Had she been the heroine of a romance she would have been a born nurse. Without any training or experience she could have surpassed Florence Nightingale, but, alas! she was merely an everyday girl in real life, and this being her first actual experience of the tragedy of birth, and the terror of it being intensified and aggravated by the pitiable surrounding circumstances, she was beside herself. She clung to me, choked with a flood of tears, and palpitating in an unbearable tumult of emotion.
This case, so pathetically ordinary that most of us are debased by acquaintance with similar, to this girl was fresh, and striking her in all its inexcusable barbarity without any extenuating gloze, made her furious with pained and righteous indignation.
I led her about by devious ways that her heart might cool ere we reached Clay's.
The cloudless, breezeless night, though not yet severely cold, was crisp with the purity of frost and sweet with the exquisite scent of flowering loquats. The only sounds breaking its stillness were the trains passing across the long viaduct approaching the bridge, and the rumble of the vehicles as they ground their homeward way along the stony road, their lights flashing as they passed, and snatches of the occupants' conversation reaching us where we walked on a path beside the main thoroughfare. The heavens were a spangled glory, and the dark sleeping lands gave forth a fresh, pleasant odour. Man provided the only discordant note; but for the jarring of his misdoings there would have been perfect peace.
Oh, the hot young heart that raged by my side! I too had forded the cruel torrent of facts that was torturing her mind; I knew; I understood. By-and-by she would arrive at my phase and have somewhat of my calmness, but to tell her so would merely have been the preaching so deservedly and naturally abhorred by the young, and except for holding her hand in a tight clasp, I was apparently unresponsive.
As she grew quieter I steered for home, and eventually we arrived at the door of the kitchen and found there Jake, Andrew, and the Rooney-Molyneux—a small man with a large beard and the type of aristocratic face furnished with a long protruding nose and a narrow retreating forehead.

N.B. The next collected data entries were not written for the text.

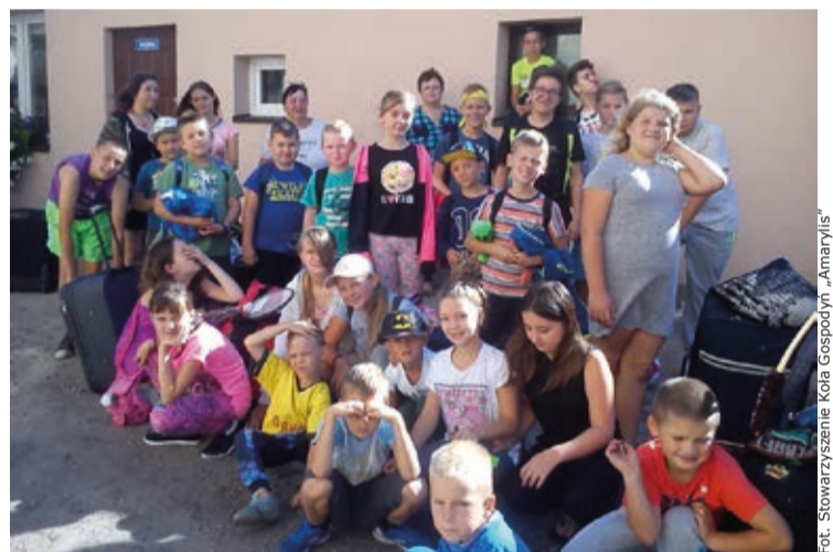
Fot. Stowarzyszenie Koła Gospodyń „Amarylis”
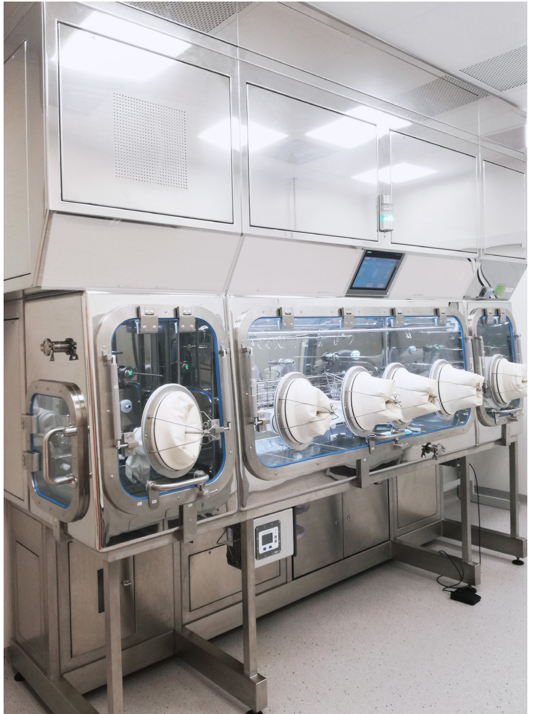
Sterility Test Isolator | FORT LLC | Russia
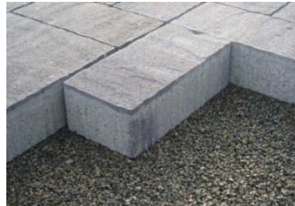
Exemple de pavés autobloquants
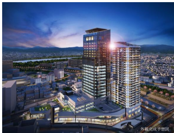
再開発事業全景 (左:ホテル・オフィス棟 右:THE TOWER HIRAKATA)
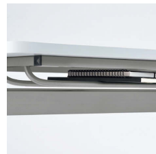
■スチールパイプ棚 書類やファイルなどの収納に便利です。
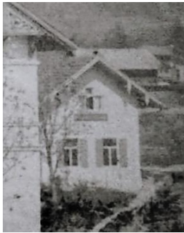
ehem. Wohnhaus vor 1895

Produkte: Schuhhandlung mit Reparaturwerkstatt seit 1895
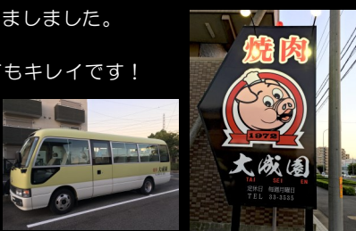
道路沿いにある豚の看板が目印です♪

毎週金曜日はとってもお得★ ・生ビール(中) 250円 ・焼酎ボトル 半額 ※17時~閉店までとなります
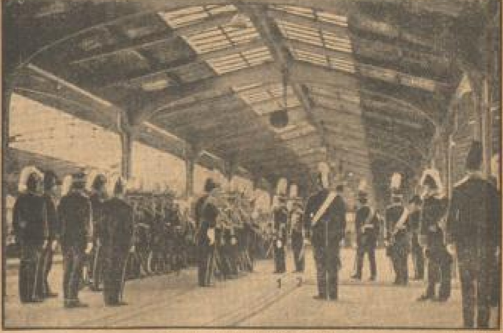
Das Kaisertrreffen in Tokio. Kaiser Kaname von Mandchurien (l.), der dem Kaiser Hirohito von Japan (r.) einen Besuch abstattet, bei seinem Eintreffen auf dem Zentralbahnhof in Tokio, wo ihm die Kaiserin des japanischen Volkes durch seinen Wahlsitzer begrüßt wurden.
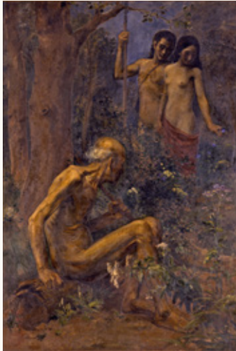
中村不折《白頭翁》1907(明治40)年
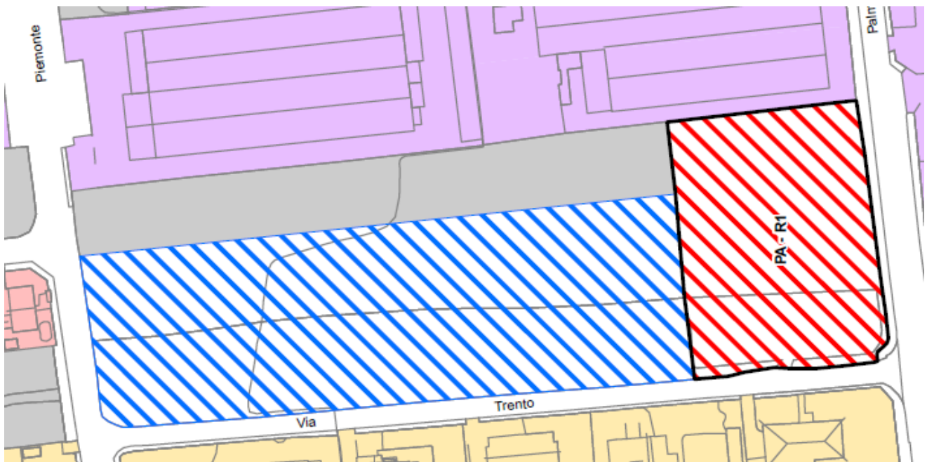
(02) - estratto dal P.G.T. 2014 (Piano di Governo del Territorio)
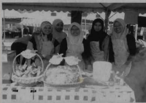
Pelajar USIM yang turut berniaga di iCEPS.

Majlis penutup Konvensyen ini telah disempurnakan oleh Menteri Besar Negeri Sembilan, Dato' Seri Utama Haji Mohamad Bin Haji Hasan.
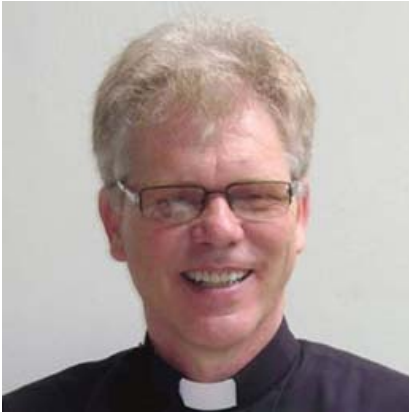
Bischof Reinhold Nann, Caraveli / Peru

siehe Veröffentlichung: basis-online.net
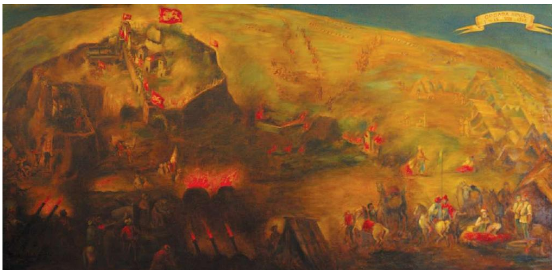
Slika 2 Bitka pod Sinjem, nepoznati autor

Fra Ivan Marković donosi nekoliko izvora koji bi objasnili razlog osmanskog povlačenja. Prvi izvor ostao je najviše zapamćen u Sinju i njegovoj krajini a riječ je o tome kako se u noći sa 14. na 15. kolovoza na zidinama grada ukazala Gospa, odnosno Zaštitnica grada koju su vojnici pod žestokim jurišom osmanske vojske molili u pomoć. Drugi pak izvor donosi podatke o tome kako su dio osmanske vojske činili Arnauti 31 koji su se pobunili zbog toga što su sami poslani u juriš dok s druge strane janjičari nisu. Prema trećem se izvoru smatra kako je razlog za bijeg bio taj što je general Angelo Emo napravio ratnu varku. On je sakupio oko 250 konjanika i ponešto pješaka krajišnika pod zapovjedništvom pukovnika Detricoa te uplašio osmanske trupe tako što je s brda od strane Dicma poslano nekoliko hitaca koji su obasjali nebo kao znak da velika vojska dolazi u pomoć. Također je poznat i izvor kako je osim pobune Arnauta tursku vojsku morila i srdobolja koja je jedan od mogućih razloga za prekid juriša na Sinj. 32
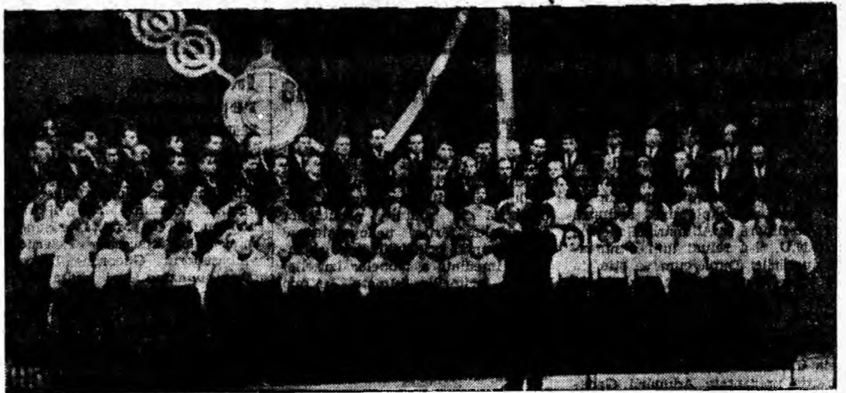
Corul clubului sindicatelor din Petrila, una din revelațiile fazei regionale.
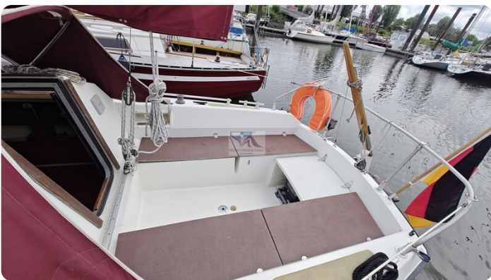
Etap 23i 25
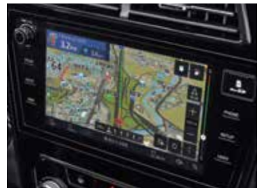
실시간 최적화 길안내
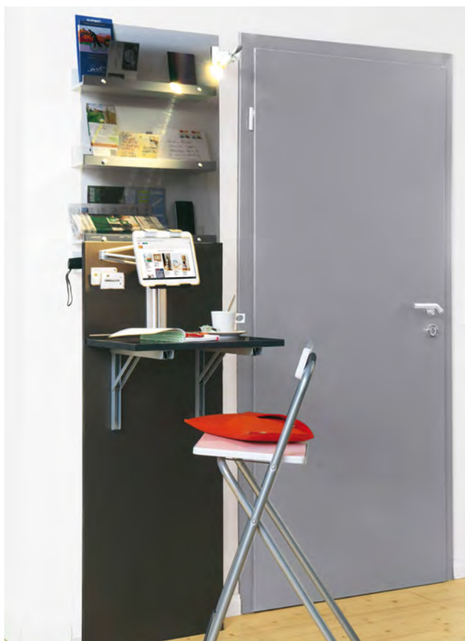
Konzeption und Fotos: Living Art
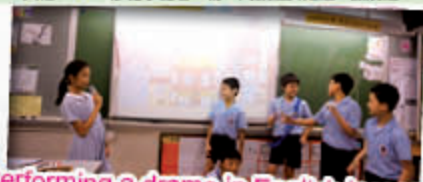
Performing a drama in English lesson
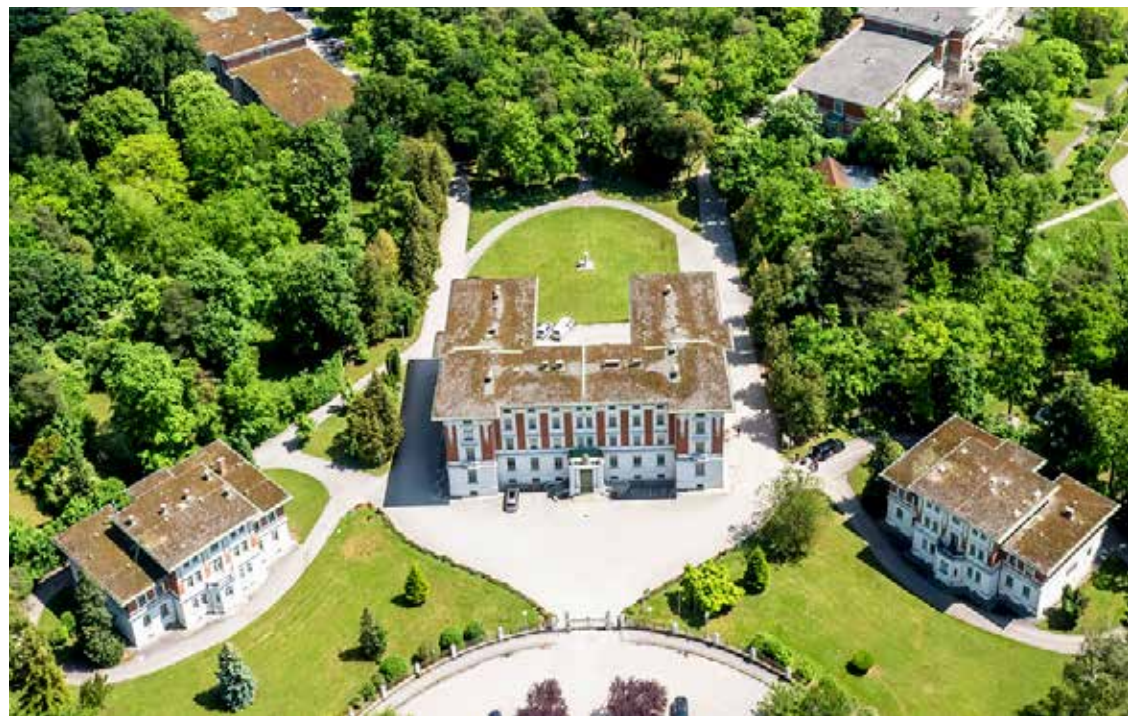
Landes- klinikum Mauer
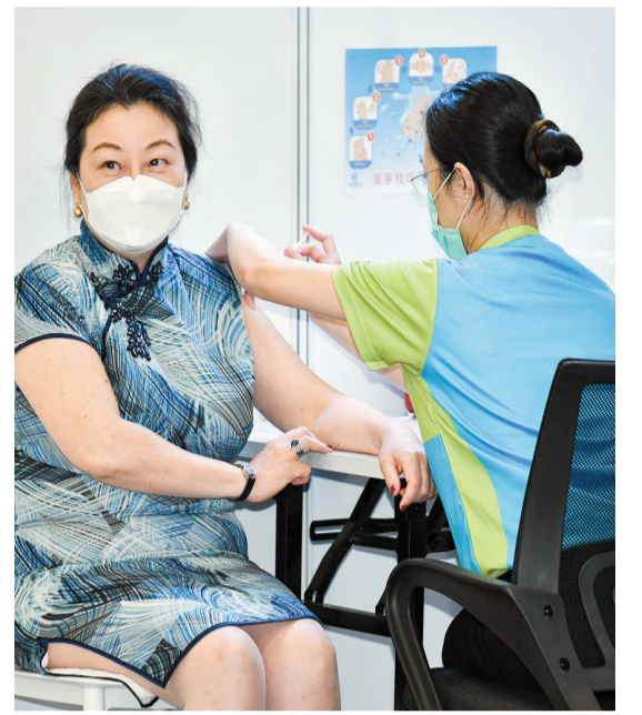
律政司司長鄭若驊亦已打了第一針，財政司司長陳茂波則將於下周接種。

她續指，經過一年抗疫，香港各行各業大受打擊，有必要與其他地區恢復正常往來，未來特區政府的工作一步一步，非常緊密，接種計劃將展開網上登記，優先組可預約，本月26日經正式預約的市民可按既定時間接受接種，另一隻疫苗復必泰亦會很快抵港，屆時將為安老院、安老院員工、殘疾人士等展開另一輪外展接種工作。
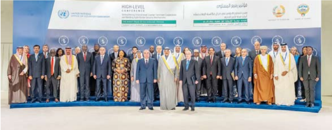
لقطة جماعية للمشاركة

فبناء على ذلك إلى جانب مواجهة هذه التهديدات يجب علينا أن نقوي تنسيق
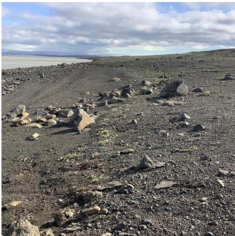
Malarströnd – mjög lítið landbrot (lína 7)

Carry, up aloft like the angels, could be heard practising on my piano, and the soiled utensils scattered on the table illustrated that the gentlemen had had refreshments.
It being Dawn's week in the kitchen, she set about collecting the cups in the wash-up dish, and presently some maudlin expression of sentiment on the part of the Rooney-Molyneux reopened the vials of her indignation.
"I'm naturally anxious that it may be a son," he drivelled, "as there are so few male representatives of the old name now."
"And the sooner there's none the better. There is no excuse for the likes of you being alive. I'd like to assist in the extermination of your family by putting you in the boiling copper on washing day. That would give you a taste of your deserts," raged the girl.
She was speaking without restraint in the light of the high demands of crude, impetuous, merciless youth. I had once felt as she did, but now I could see the cruel train of conditions behind certain characters forcing them into different positions, and in place of Dawn's wholesome, justifiable, hot-headed rage against the likes of Rooney-hyphen, I felt for him a contempt so immeasurable that it almost toppled over and became pity.